Manually applied gradient to neural network raises Error: Can't detach views in-place

Hi; I’m working on gradient estimator; so I need to implement model that requires manually compute and apply gradients

here is my current script

from itertools import chain
net1 = Net1() # neural network
net2 = Net2() # neural network

opt = Adam(list(net1.parameters()) + list(net2.parameters()), lr=1e-3)

params = chain(net1.parameters(), net2.parameters())

for _ in range(epoches):
    opt.zero_grad()  # at second iterations, line raises error
    grad = torch.autograd.grad(loss, params)

    for i,p in enumerate(params):
        p.grad = grad[I]
   
    opt.step()
    

At second iterations,

opt.zero_grad()

leads to

/anaconda3/lib/python3.7/site-packages/torch/optim/optimizer.py in zero_grad(self)
    161             for p in group['params']:
    162                 if p.grad is not None:
--> 163                     p.grad.detach_()
    164                     p.grad.zero_()
    165 

RuntimeError: Can't detach views in-place. Use detach() instead

I couldn’t know where does my code go wrong here. Any help ?

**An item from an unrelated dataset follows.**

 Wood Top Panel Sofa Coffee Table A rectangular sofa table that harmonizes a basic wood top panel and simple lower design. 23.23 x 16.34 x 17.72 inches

Here is a short script of simple model

class Net(nn.Module):

    def __init__(self):
        super(Net, self).__init__()
        self.fc1 = nn.Linear(1,4)
        self.fc2 = nn.Linear(4,1)
    def forward(self,x):
        h = self.fc1(x)
        h = self.fc2(nn.ReLU()(h))
        return h


# create data
x = torch.torch.randn(20,1)
y = 1.2 * x ** 2 - 1
loss_fn = lambda y_hat,y: (y_hat - y).pow(2).sum()


net = Net()
optimizer = optim.SGD(net.parameters(), lr=1e-3)

Loss = []
for _ in range(1000):
    optimizer.zero_grad()
    y_hat = net(x)
    loss = loss_fn(y_hat,y)
    grad = torch.autograd.grad(loss, net.parameters())
    for i,p in enumerate(net.parameters()):
        p.grad = grad[i]
        print(p.grad)
    optimizer.step()
    Loss.append(loss.item())

Thanks in advance

Could you post the definition of the models so that we can reproduce this issue?

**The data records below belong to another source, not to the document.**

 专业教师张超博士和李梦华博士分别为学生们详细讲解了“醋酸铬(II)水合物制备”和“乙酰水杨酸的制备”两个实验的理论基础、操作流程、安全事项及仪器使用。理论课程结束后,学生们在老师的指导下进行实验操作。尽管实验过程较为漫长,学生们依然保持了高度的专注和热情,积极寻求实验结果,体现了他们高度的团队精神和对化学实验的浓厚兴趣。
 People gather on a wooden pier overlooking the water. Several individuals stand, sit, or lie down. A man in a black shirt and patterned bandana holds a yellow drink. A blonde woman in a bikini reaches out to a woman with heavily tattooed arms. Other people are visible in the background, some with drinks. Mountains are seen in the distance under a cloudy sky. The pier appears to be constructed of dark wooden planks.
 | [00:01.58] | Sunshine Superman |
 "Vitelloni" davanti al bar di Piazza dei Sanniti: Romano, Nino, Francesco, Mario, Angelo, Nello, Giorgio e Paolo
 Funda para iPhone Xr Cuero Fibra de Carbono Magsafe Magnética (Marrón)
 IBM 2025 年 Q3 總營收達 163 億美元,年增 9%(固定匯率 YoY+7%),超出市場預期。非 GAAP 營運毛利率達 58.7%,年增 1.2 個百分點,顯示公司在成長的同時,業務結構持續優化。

Thanks for the reply; I’ve attached a simple example that raises the error and my pytorch version is 1.1.0

Thanks for the code.
Could you clone the grad, so that you won’t create a view of this tensor?

p.grad = grad[i].clone()

Thanks ! It solves the problem!

Hi, I was also facing the problem of RuntimeError: Can't detach views in-place. Use detach() instead with x.detach_()
It got resolved using both x = x.detach() and x = x.contiguous().detach_() .

But still, I don’t exactly understand the differences between these three lines? And when is the view created of a variable?

Thanks. Any help would really be appreciated!